A relaxed and smiling Omar Khadr said freedom was way better than he thought and said he wanted a fresh start.
Khadr was released on bail after a judge refused a last-ditch attempt by the Canadian government to keep him imprisoned.
Toronto-born Khadr spent 10 years in the US prison at Guantanamo Bay, Cuba. Since 2012 he has been held in Canada, serving out an eight-year sentence handed down by a US military commission in 2010.
He was convicted of war crimes, including throwing a grenade when he was 15 that killed US Army sergeant Christopher Speer in Afghanistan during a 2002 firefight.
Khadr, now 28, was once the youngest detainee at Guantanamo.
"Give me a chance to see who I am as a person, not as a name," he said outside his lawyer's home in Edmonton, Alberta. "I'll prove to them that I'm a good person."
Defense lawyers said Khadr was a child soldier who was pushed into war by his father, Ahmed Said Khadr, an alleged senior al Qaida financier whose family stayed with Osama bin Laden briefly when Omar was a boy. His Egyptian-born father was killed in 2003 in a Pakistani military operation.
Khadr, articulate and showing no bitterness, said he believed in education and was excited to start his life.
Asked what he had to say to Americans, Khadr said: "I'm sorry for the pain I've caused for the families of the victims. There's nothing I can do about the past but I can do something about the future."
Khadr said he would disappoint Canadian prime minister Stephen Harper, whose government has long refused to do anything for him while he was at Guantanamo and has tried to keep him in prison in Canada.
"I'm better than the person he thinks I am," Khadr said.
Khadr was the last Western detainee at Guantanamo. Asked if he categorically rejects violent jihad, he said "Yes, yes I do."
"It's not something I believe in right now. I want to start fresh. There are too many good things in life that I want to experience."
Khadr said he noticed a lot of people are able to be manipulated if they are not educated and wants to finish his education and work in health care. "I have a lot of basic skills I need to learn," he said.

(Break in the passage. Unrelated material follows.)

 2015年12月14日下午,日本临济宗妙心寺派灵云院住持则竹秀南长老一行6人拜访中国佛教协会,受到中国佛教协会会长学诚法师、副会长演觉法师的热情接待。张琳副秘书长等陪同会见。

Khadr also pleaded guilty in 2010 to building and planting roadside bombs and receiving weapons training from al Qaida in a widely-criticised trial that made the United States the first Western nation since the Second World War to prosecute a child offender for alleged war crimes.
Court of Appeal judge Myra Bielby earlier rejected the Canadian government's emergency request to stop Khadr release's while he appealed against his US war crimes conviction. A lower court judge granted him bail last month.

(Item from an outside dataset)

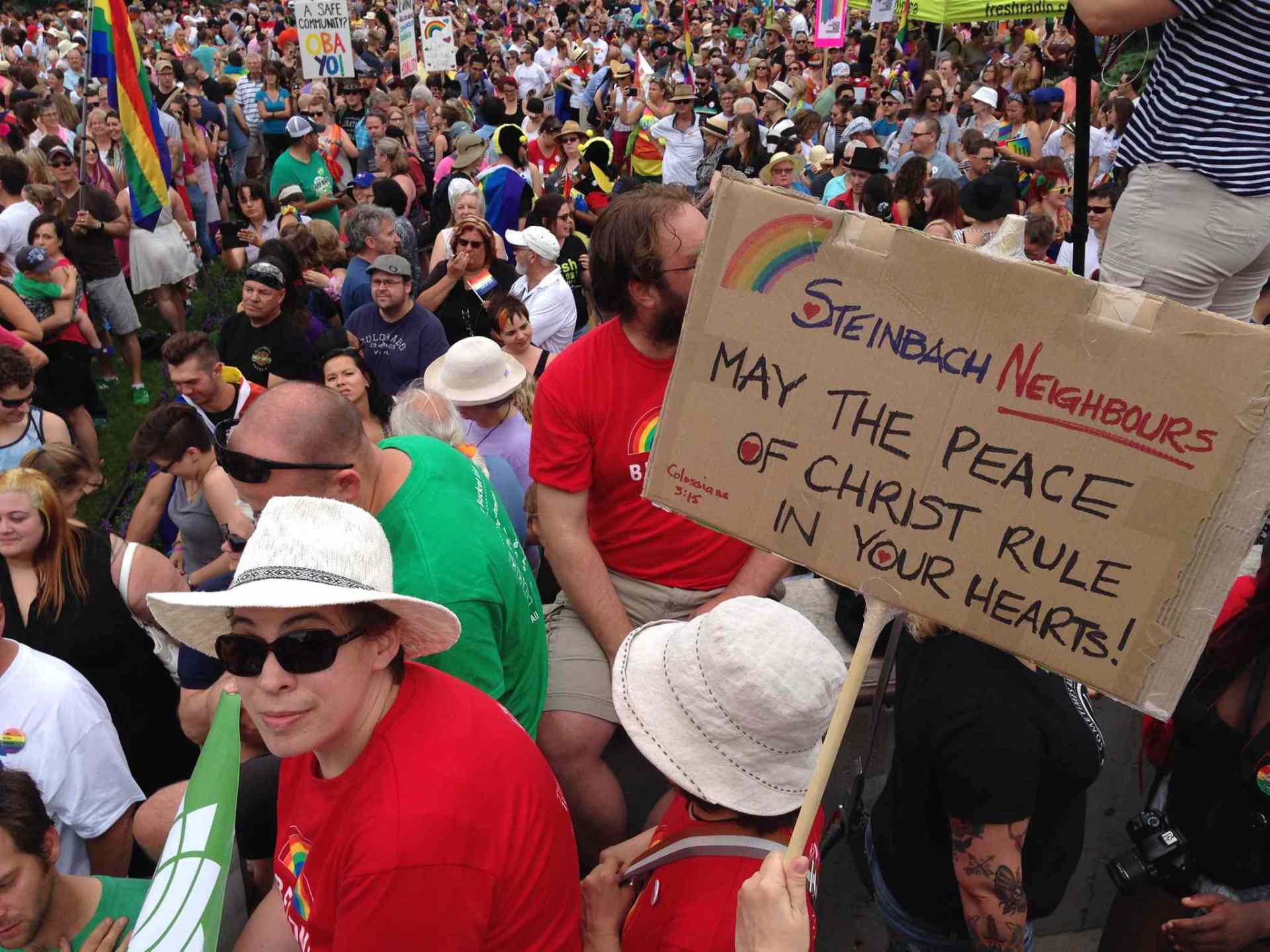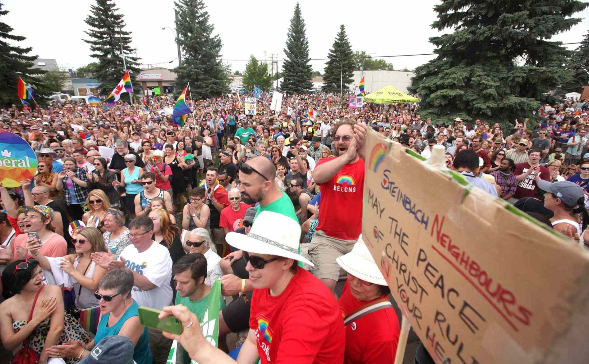 Many said the sheer size of the event served to give the LGBTTQ* community its biggest show of solidarity in the history of Steinbach, a Mennonite community founded in 1874 by a devout Christian sect of farmers persecuted throughout their history in Europe.

"Mr. Khadr you're free to go," Judge Bielby said before cheers erupted in the court. Khadr smiled.
Khadr's long-time lawyer Dennis Edney and wife have offered to take him into their home. Among the bail conditions imposed were that Khadr wear a tracking bracelet, live with the Edneys, observe a curfew between 10pm and 7am and have only supervised access to the internet.
Also, he must communicate with his family in Ontario only while under supervision and only in English.
"He's met very few people outside a jail cell," said Nate Whitling, one of Khadr's lawyers.
"It's going to be a major adjustment for him, but I'm sure he's up for it."
Mr Harper's Conservative government's long refusal to support Khadr reflects ambivalence in Canada over the family.
"We are disappointed with today's decision, and regret that a convicted terrorist has been allowed back into Canadian society without having served his full sentence," said Jeremy Laurin, a spokesman for Canada's public safety minister.
US State Department spokesman Jeff Rathke declined to immediately comment on the judge's decision.